(Data extracted from a collection)
========
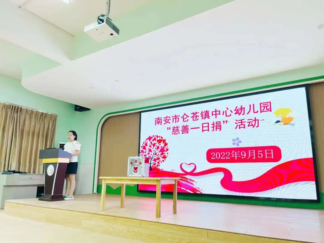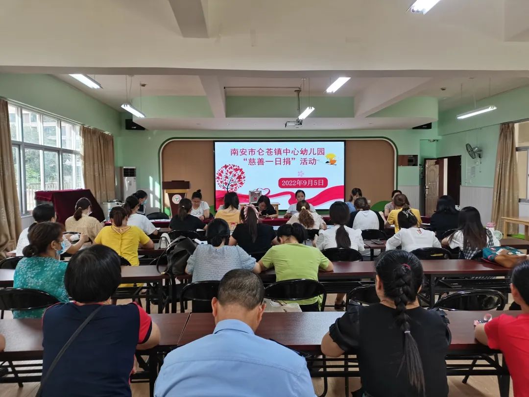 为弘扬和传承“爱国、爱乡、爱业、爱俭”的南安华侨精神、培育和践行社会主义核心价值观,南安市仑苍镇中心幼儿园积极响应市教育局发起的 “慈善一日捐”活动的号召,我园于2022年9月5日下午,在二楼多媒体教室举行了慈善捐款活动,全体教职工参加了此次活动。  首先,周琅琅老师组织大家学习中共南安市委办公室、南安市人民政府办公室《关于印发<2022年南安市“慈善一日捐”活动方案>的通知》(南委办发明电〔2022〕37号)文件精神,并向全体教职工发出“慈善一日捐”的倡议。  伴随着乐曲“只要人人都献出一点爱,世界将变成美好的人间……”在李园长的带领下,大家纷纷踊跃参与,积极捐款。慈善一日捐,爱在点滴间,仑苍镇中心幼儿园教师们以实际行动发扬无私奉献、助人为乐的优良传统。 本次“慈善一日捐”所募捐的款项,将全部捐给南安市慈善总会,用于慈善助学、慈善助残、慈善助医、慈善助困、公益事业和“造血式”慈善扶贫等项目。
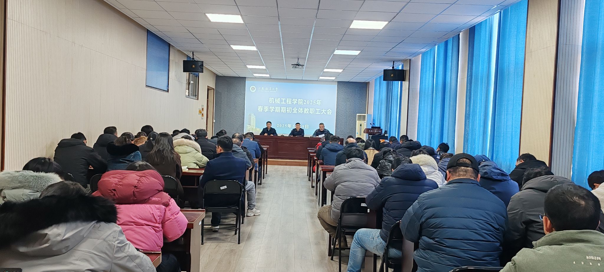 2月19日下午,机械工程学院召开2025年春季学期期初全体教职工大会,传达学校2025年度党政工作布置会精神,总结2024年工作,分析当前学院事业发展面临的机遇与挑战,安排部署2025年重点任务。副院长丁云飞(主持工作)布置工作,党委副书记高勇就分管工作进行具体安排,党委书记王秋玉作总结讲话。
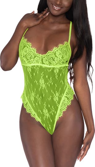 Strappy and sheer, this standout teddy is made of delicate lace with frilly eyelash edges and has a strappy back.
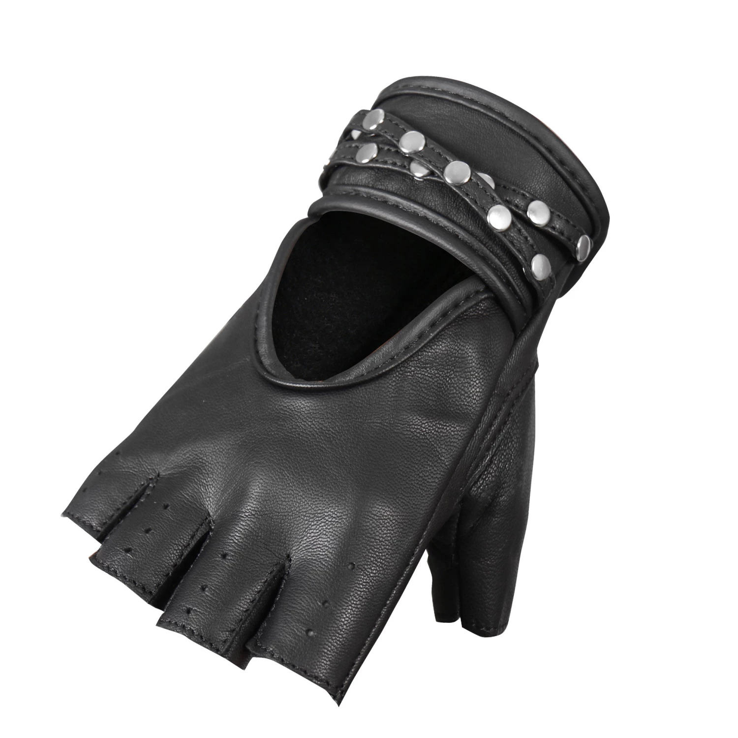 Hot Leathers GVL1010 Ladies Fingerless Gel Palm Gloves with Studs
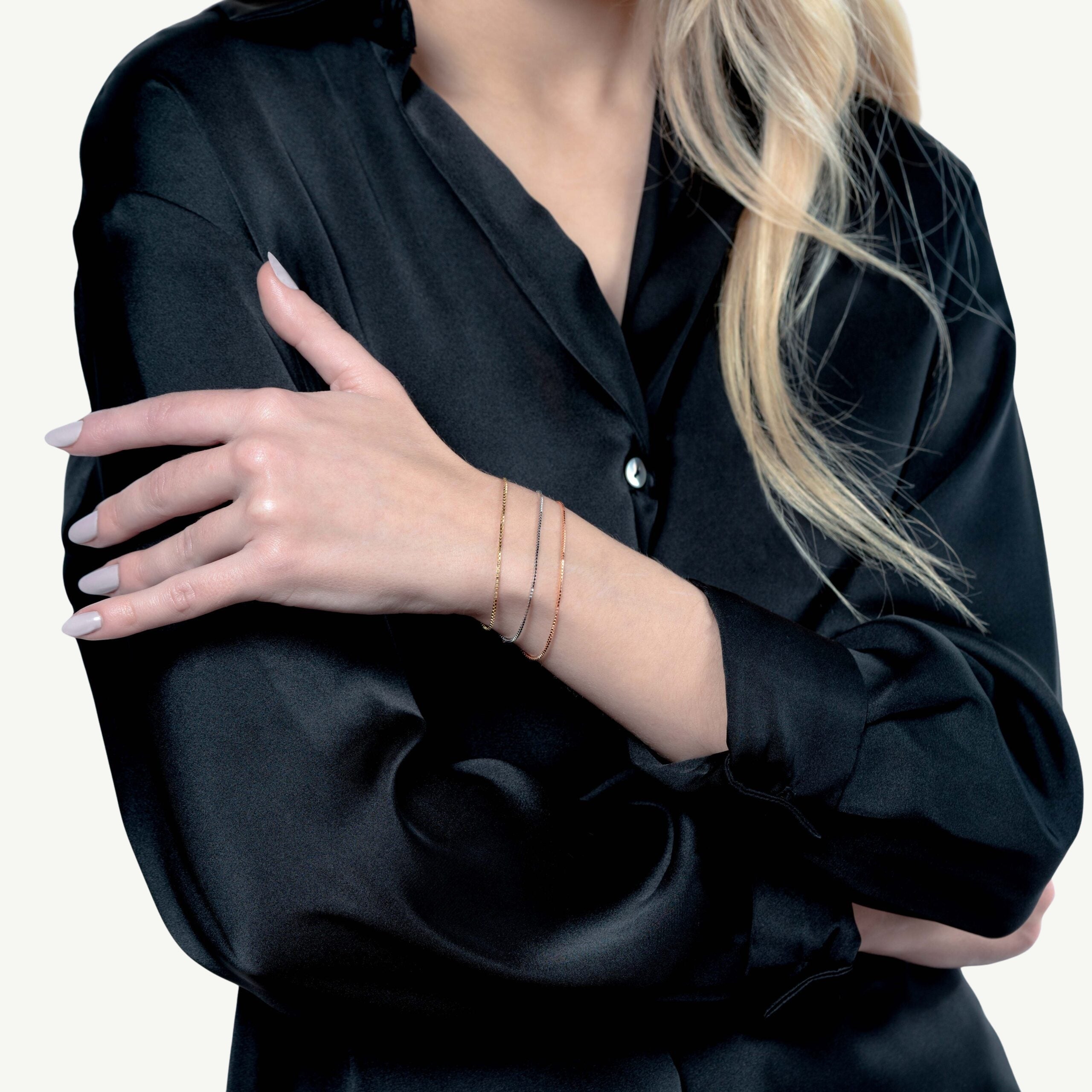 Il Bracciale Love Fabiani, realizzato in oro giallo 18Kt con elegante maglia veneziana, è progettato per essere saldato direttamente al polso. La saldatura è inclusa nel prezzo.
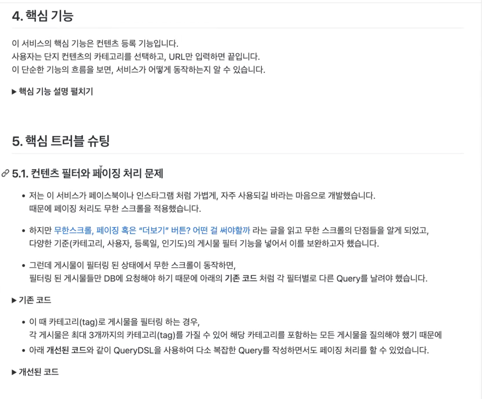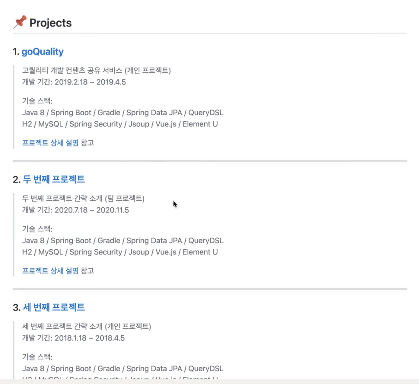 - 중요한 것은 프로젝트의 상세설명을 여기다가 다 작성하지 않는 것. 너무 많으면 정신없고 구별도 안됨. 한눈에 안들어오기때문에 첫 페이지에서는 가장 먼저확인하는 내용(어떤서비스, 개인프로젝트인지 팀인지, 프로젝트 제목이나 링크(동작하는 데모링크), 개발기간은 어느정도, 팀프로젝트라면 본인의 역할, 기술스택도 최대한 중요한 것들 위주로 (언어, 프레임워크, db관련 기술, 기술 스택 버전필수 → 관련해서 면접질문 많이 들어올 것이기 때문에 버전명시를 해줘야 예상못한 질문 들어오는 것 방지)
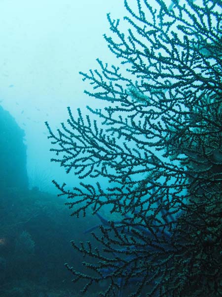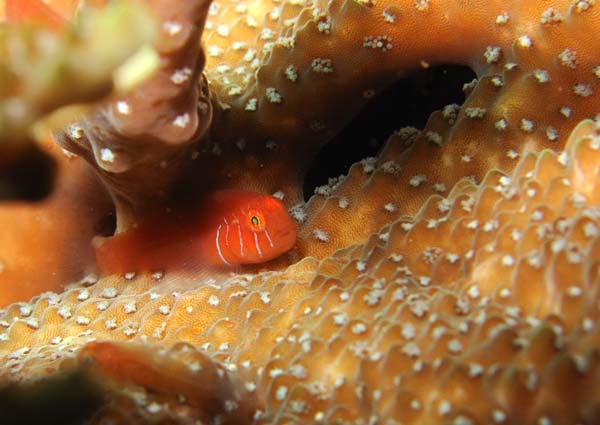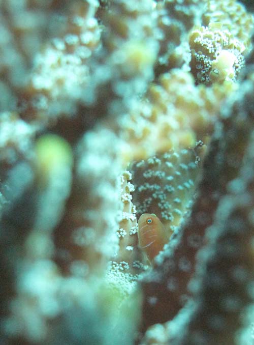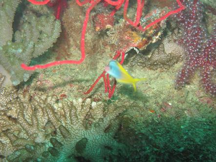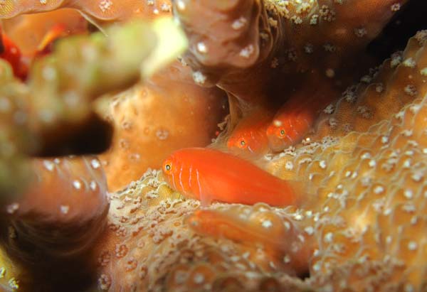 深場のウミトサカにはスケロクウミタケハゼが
========
■ WORK TO BE COMPLETED:
Going by the entries above, repeat exactly the lines that start at the line with "Strappy and sheer, this" and go on through the line with "Il Bracciale Love". Pictures are not part of the copy.

■ YOUR RESPONSE:
 Strappy and sheer, this standout teddy is made of delicate lace with frilly eyelash edges and has a strappy back.
 Hot Leathers GVL1010 Ladies Fingerless Gel Palm Gloves with Studs
 Il Bracciale Love Fabiani, realizzato in oro giallo 18Kt con elegante maglia veneziana, è progettato per essere saldato direttamente al polso. La saldatura è inclusa nel prezzo.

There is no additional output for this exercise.